国税当局の資産税調査に対するスタンスは、先日公表された調査事績の次の文章で明らかだ。「相続税の実地調査については、資料情報等から申告額が過少であると想定される事案や、申告義務があるにもかかわらず無申告であると想定される事案など、大口事案や悪質な不正が見込まれる事案について、実地調査を実施しています」。
このことは、最新の内部資料(資産課税課の事務運営方針)でも確認できる。そこには「真に調査すべき納税者への重点化を更に推進するため、追徴税額を意識した調査優先度判定を実施するとともに、大口事案や悪質な不正が見込まれる事案に対して優先的に調査事務量を確保し、深度ある調査を実施する」ことが明記されている。

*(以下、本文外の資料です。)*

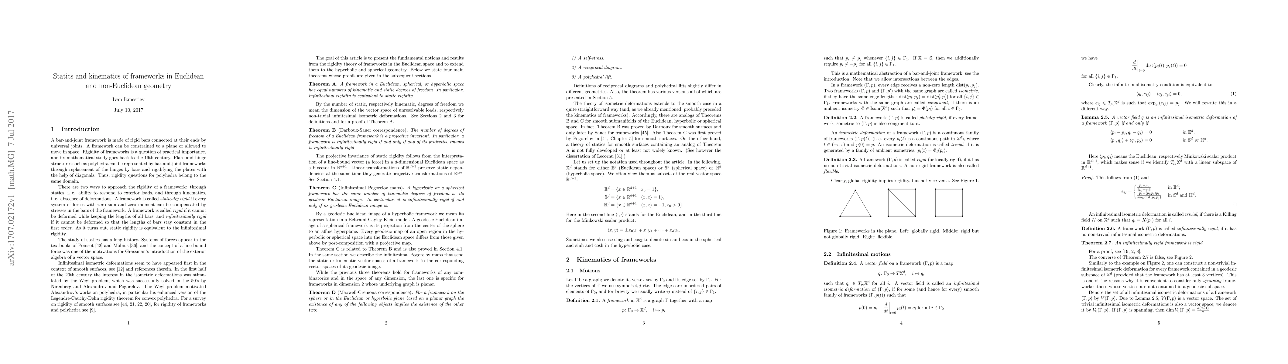 This is a survey article on the infinitesimal rigidity of frameworks in Euclidean, hyperbolic, and spherical geometry. We discuss the equivalence of the static and kinematic formulations of the infinitesimal rigidity, the projective interpretation of statics (representing forces as bivectors), and the infinitesimal Pogorelov maps that establish correspondence between infinitesimal motions of a framework and of its geodesic image. Also we describe the Maxwell-Cremona correspondence between equilibrium loads and polyhedral lifts, both for Euclidean and for non-Euclidean frameworks.

ターゲットの絞込みは、まず申告書やその他関係者の課税事績、蓄積資料から調査対象を大まかに抽出し、問題となるポイントを整理。次に、実地調査対象に選定するかどうかも含め、事案に即して問題点となる事項のほか、そのほかの資産についてもチェックを行う。その際には、逆に財産評価が下がるなど税額が減額となるケースはないかも入念にチェックされる。こうして追徴課税にフォーカスしてターゲットを選定している模様だ。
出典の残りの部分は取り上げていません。